Founder Group Limited Executes 100-for-1 Share Combination to Regain Nasdaq Compliance

  • Founder Group Limited will combine its shares on a 100-for-1 basis effective February 10, 2026, to comply with Nasdaq listing rules.
  • The move reduces outstanding Class A shares from 32,178,109 to approximately 321,781 and Class B shares from 9,324,733 to approximately 93,247.
  • Shares will trade under the same symbol 'FGL' but with a new CUSIP number (G3662E121) on the Nasdaq Capital Market.
  • Fractional shares will be rounded up to the nearest whole number to ensure no shareholder is left with partial holdings.
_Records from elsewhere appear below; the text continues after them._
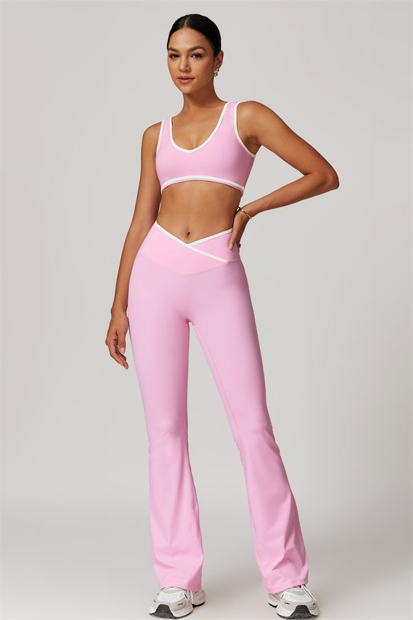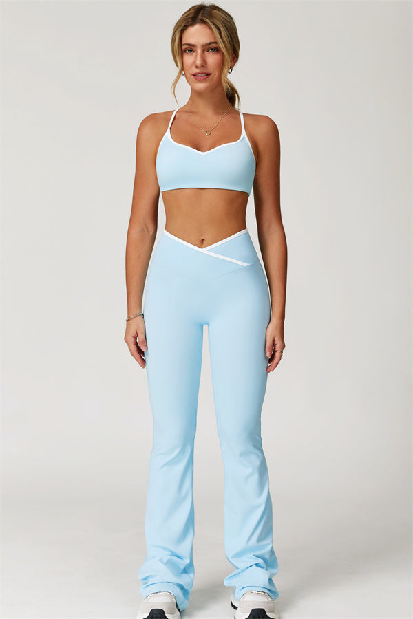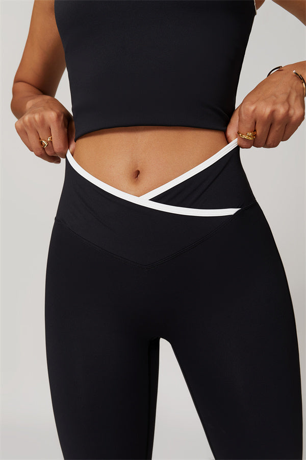 Featuring a dynamic design that adds a touch of flair to your fitness attire. The unique circular cross-waist ensures a secure fit, preventing any rolling or slipping during your activities.
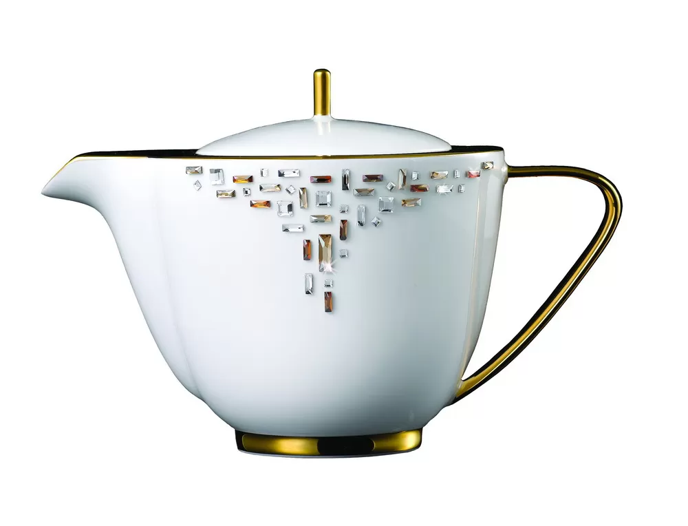 Крупные кристаллы Сваровски, тонкие золотые линии на белом фарфоре и лаконичная форма чайника делают его настоящим украшением интерьера дома, кухни или обеденного стола.
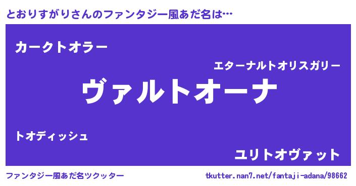 | ヒーロー風カッコイイあだ名 | 『仮面トオダー』『ネオトオリスガリ』 |

Founder Group's share combination is a strategic move to avoid delisting from Nasdaq, reflecting broader trends in renewable energy companies navigating stringent exchange regulations. The reduction in share count aims to stabilize the stock and align with market expectations, though the long-term impact on investor confidence and operational performance remains to be seen.

Market Reaction
How the share combination will impact Founder Group's stock price and liquidity in the short term.
Regulatory Compliance
Whether the share combination will successfully restore compliance with Nasdaq's listing requirements.
Operational Focus
The pace at which Founder Group can refocus on its core solar projects after addressing the compliance issue.